Researchers from the Johns Hopkins Kimmel Cancer Center and the Johns Hopkins University School of Medicine have developed a method to assess which patients with metastatic triple-negative breast cancer could benefit from immunotherapy. Immunotherapy is used to boost the body’s immune system to attack cancer cells, but only some patients respond to treatment. To identify responsive patients, predictive biomarkers are used, which indicate the response to immunotherapy, but existing biomarkers have limited accuracy. The team employed a mathematical model called quantitative systems pharmacology to generate virtual patients with triple-negative breast cancer and performed simulations with the immunotherapy drug pembrolizumab to identify biomarkers that predict treatment response.
Using data from virtual patient simulations, researchers assessed the performance of 90 biomarkers to predict treatment outcomes. They found that pretreatment biomarkers, taken before treatment initiation, had limited predictive ability, while on-treatment biomarkers, taken after treatment initiation, were better predictors of outcomes. Some commonly used biomarkers, such as PD-L1 expression and lymphocyte presence in the tumor, were more accurate when assessed before treatment initiation. Non-invasive biomarkers, such as immune cell counts in the blood, showed comparable predictive performance to tumor-based biomarkers, suggesting a less-invasive way to predict treatment response. Changes in tumor diameter, measured by CT scans early in treatment, could also predict treatment response.

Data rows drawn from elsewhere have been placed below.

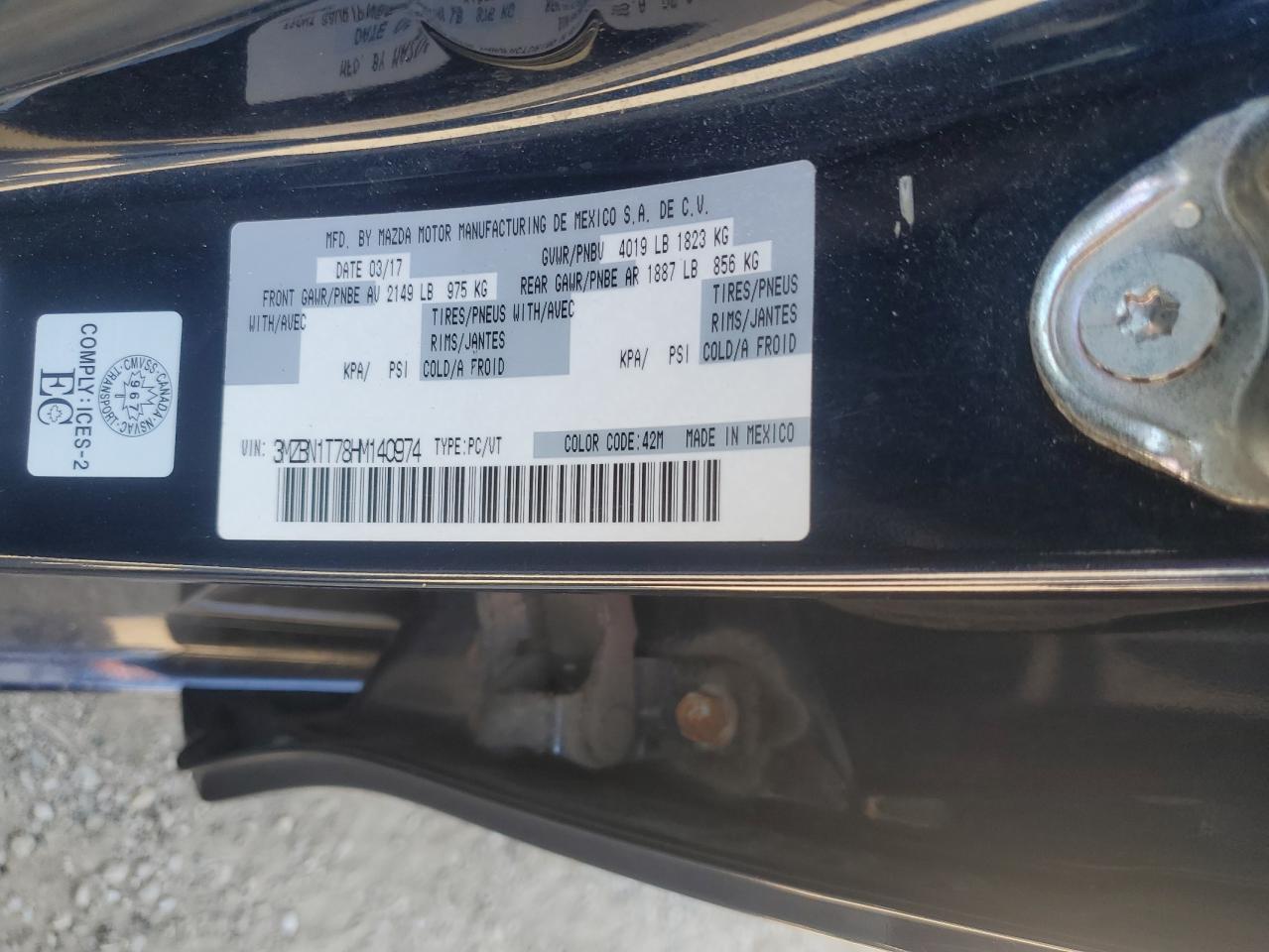 MAZDA 3 2.0 2017 г.в., (3MZBN1T78HM140974) из США
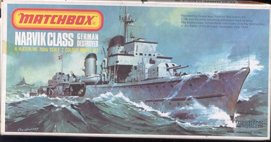 Instructions are typical Matchbox providing pictorial construction steps. There is no detail color information with the ship apparently being overall light grey with back funnel tops. Humbrol and generic names are given for the paints. Only a German Naval Ensign is provided for decals.
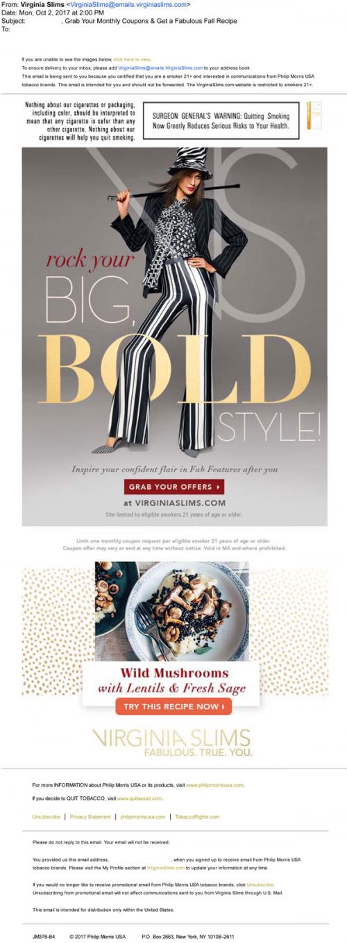 Email from Virginia Slims in October 2017 linking to the brand website to claim monthly coupons and get a new recipe.
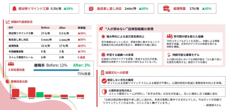 同社のDXは単なるシステムの移行に止まらず、業務の効率化、さらには組織文化やワークスタイルの変革につながり、かつて12%あった離職率が3%まで低下するという成果が表れるまでになりました。
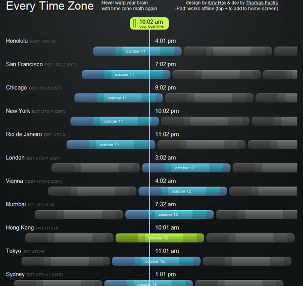 首頁線上工具網頁瀏覽 Every Time Zone 同時顯示不同時區的時間 若有親朋好友遠在國外或自身遠在國外,想撥個電話問候下時,這時候,若是在不同的時區裡,就可能需要考慮對方目前的時間,明明是好意,卻有可能是在大半夜的時候,叫人家起床,那可就不太好了。Every Time Zone 是一個可線上顯示不同時區的時間,透過其時間拉感的設計,方便推算出各個時區目前的時間。 🔔 不錯過任何精彩! 立即訂閱我們的 LINE 官方帳號 每次發佈新文章時,您將會第一時間收到本站文章連結通知,輕鬆掌握最新資訊! 使用 LINE 追蹤文章更新 §相關文章,還可以參閱:Chrome 推出 Auto Browse:讓 AI 自動訂機票、找房子、填表單,還能即時改圖Google 搜尋『67』會發生什麼事?網友實測驚呼:螢幕活了!Google 2025 台灣年度搜尋榜:地震、普發現金、Gemini,我們都在找什麼?ChatGPT Atlas 瀏覽器問世:三大 AI 功能顛覆你的上網方式Microsoft Rewards 點數全自動狂賺法,一鍵設定、天天進帳! 如何使用 Every Time Zone? 1.進入 Every Time Zone 網站後,在 Your local time 處會顯示目前所在地的時間,最左側為城市名稱,每個城市以三個橫條代表今天極其前後各一天。 2.使用滑鼠拖動 Your local time 的綠色按鈕,就可推算出以綠色按鈕內顯示時間為主的,不同時區裡的各個城市目前時間。 Every Time Zone網站網址:https://everytimezone.com/

To validate their findings, investigators performed a virtual clinical trial selecting patients based on changes in tumor diameter at two weeks after the start of treatment. The simulated response rates increased more than two-fold, emphasizing the potential use of non-invasive biomarkers when collecting tumor biopsy samples is not feasible. By identifying predictive biomarkers, researchers aim to avoid overtreatment in patients who respond well without immunotherapy and undertreatment in those who do not respond well. This method could help in designing future clinical studies and may be replicated in other cancer types, shedding light on better patient selection for immunotherapy in metastatic breast cancer.
In a previous study, the team developed a computational model specifically focused on late-stage breast cancer where the tumor has spread to various parts of the body. The current work was supported by the National Institutes of Health and involved data from several clinical and experimental studies, which were used to develop and validate the computational model. The findings are expected to aid in patient selection for therapy and could be applied to other cancer types. Study co-authors include researchers from Johns Hopkins and Kaiser Permanente. The research was supported by the NSF and managed by The Johns Hopkins University in accordance with its conflict-of-interest policies.